Implementation differences

Chr.Avro was created as a flexible alternative to Apache’s C# Avro implementation. This document explains the rationale for the creation of an entirely new library and outlines some of the differences between Chr.Avro and other implementations.

Schema representation

The main architectural difference between Chr.Avro and other implementations is its abstract schema representation. One of the main drawbacks of the Apache implementation is that its schema respresentations are inextricably bound to JSON. The Parse method on the Schema class is the only publicly exposed factory method, which means that it’s impossible to manipulate a schema without manipulating JSON. Chr.Avro keeps its abstract, binary, and JSON components entirely separate.

Development activity

The Apache implementation is minimally maintained. Small changes are contributed occasionally; the last major changes were years ago. There doesn’t appear to be any appetite for major changes. Microsoft.Hadoop.Avro (Microsoft.Avro.Core?) was the only other open source Avro implementation for .NET. It’s been abandoned since 2016.

Type mapping

The Microsoft implementation made it extremely easy to map Avro records to existing .NET classes, something that Chr.Avro has aimed to imitate. The Apache implementation does not map to existing classes. Instead, users are given a choice between two less flexible options:

  • Use the GenericRecord class, essentially an untyped dictionary. This approach offers no compile-time guarantees.
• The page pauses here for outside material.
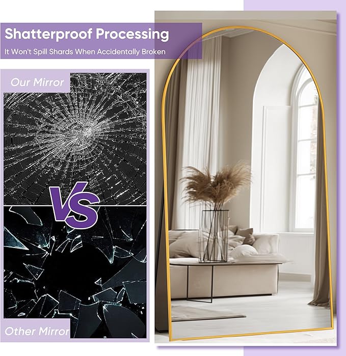 • High Quality and Safety Guarantee: The floor mirror is made of 3mm HD nano glass which provides high definition reflection. The back features an anti-explosion film, even if it's accidentally damaged, shards won't scatter everywhere, safe for surrounding children or pets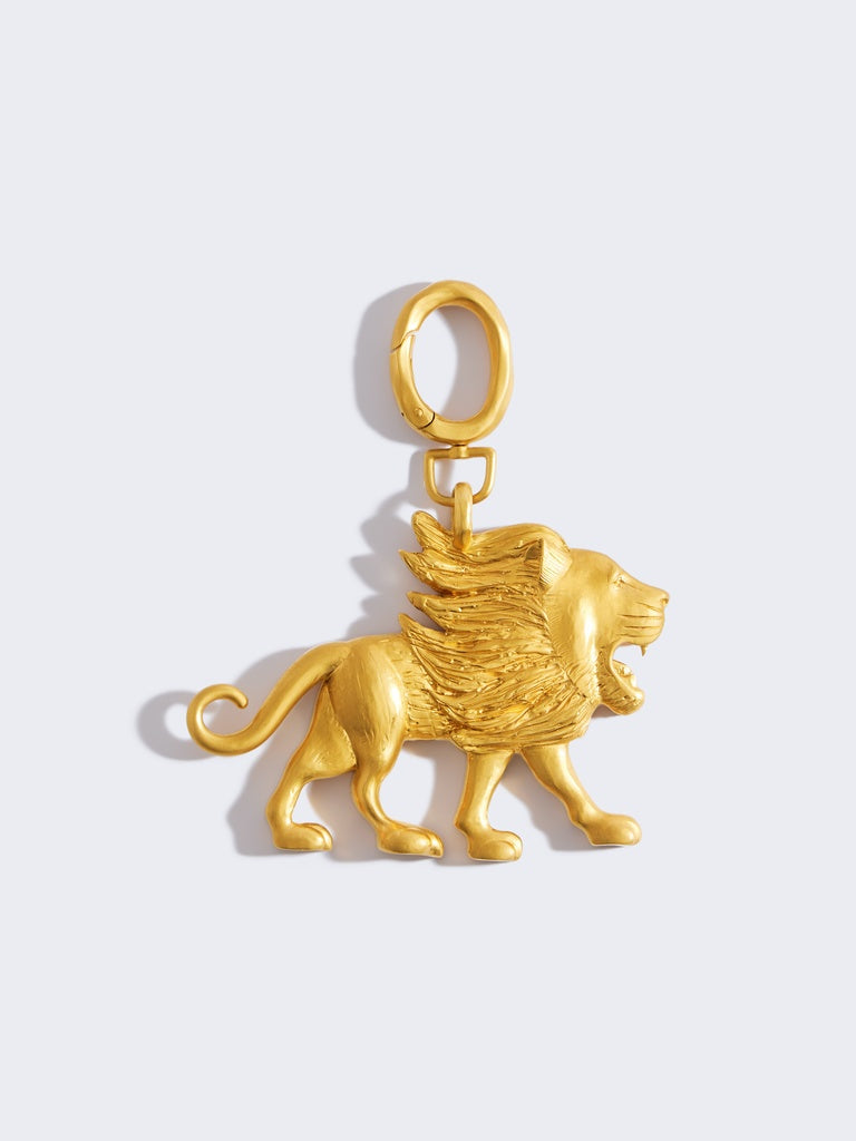 This hammered brass keychain with a gold finish is inspired by Elsa Schiaparelli's passion for the signs of the zodiac. It can be attached to keys, slipped onto a belt loop, or clipped to a bag to add a touch of Schiaparelli magic to any outfit.

  • Use the avrogen tool to generate classes that implement ISpecificRecord. While the generated classes offer some compile-time safety, the process is cumbersome, and additional work usually has to be done to map the generated classes to actual model classes.

Undefined behaviors

The Avro specification leaves certain behaviors undefined, and in some cases Chr.Avro implements them differently than other libraries. None of these differences are correctness issues—all serialized payloads are correct, and all correct payloads can be deserialized.

Block sizes

Avro encodes arrays and maps as a series of blocks terminated by an empty block. For example, an array of length 20 could be encoded as 4 blocks with lengths 6, 10, 4, and 0. Chr.Avro doesn’t make any effort to break arrays and maps into chunks; instead, it always encodes all non-empty arrays and maps as two blocks (the first full-length, the second zero-length). This is consistent with most other implementations.

Invalid boolean values

Avro specifies that booleans should be encoded as a single byte: 0x00 (false) or 0x01 (true). If a value greater than 0x01 is encountered, Chr.Avro decodes the value as true.

The Apache Java implementation decodes all non-0x01 values as false. The Apache C# implementation throws an exception if a value other than 0x00 or 0x01 is encountered.